Laravel by default is already split for you. Just looking at the routes directory you can see there are separate files for web routes and api routes, prefixed with api, though you can change the prefix yourself.
The part you will have to actually think the most is the Dashboard/Website part, where you will have to implement authorization to know who can access what.

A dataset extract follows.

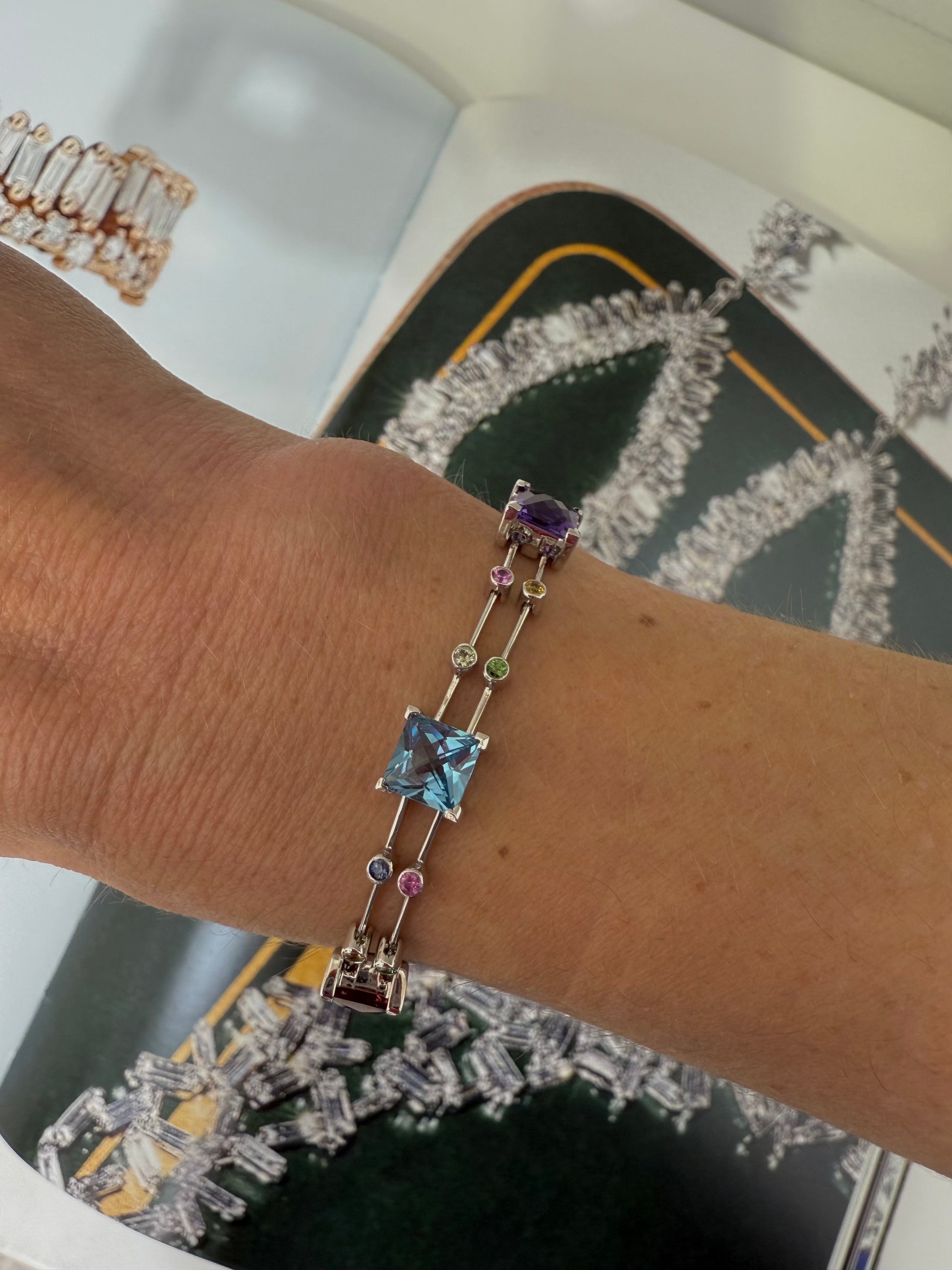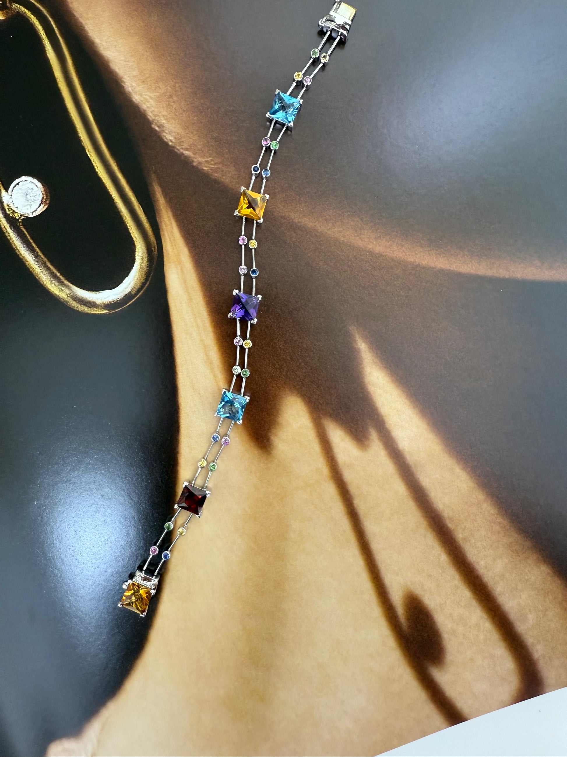 A celebration of color and elegance, our Rainbow Gemstone Bracelet showcases a mesmerizing sequence of Citrine, Garnet, Amethyst, and Blue Topaz, each meticulously set in radiant 14K white gold. The alternating square-cut gemstones create a harmonious blend of warm and cool tones, making it a versatile statement piece. Wear it alone for a refined pop of color or layer it for a bold, luminous look.

Basically, you are just building a normal application, then you start adding different controllers that would respond to API routes since application controllers and api controllers do not return the same thing. Application controllers return mostly views and redirect, whereas api controllers return mostly JSON formatted data. You can split those controllers into 2 different directories like this
app/Http/controllers/web/
app/Http/controllers/api/
So when generating controllers in artisan you prepend the directory
php artisan make:controller web/DashboardController
php artisan make:controller api/UserController
And so on.
So to summarise:
1- API: use routes/api.php, controllers return JSON return response()->json($data);
2- Common: Some helpers, services & middlewares shared by web & api
3- Dashboard: Authentication + Authorization to limit access. Use a routes group here and apply middlewares
Route::group(['prefix' => 'admin', 'middleware' => ['auth', 'admin']], function(){
//admin routes go in here
});
4- Web: Public data, read only. Not authorization require. Just basic pages with no authentication.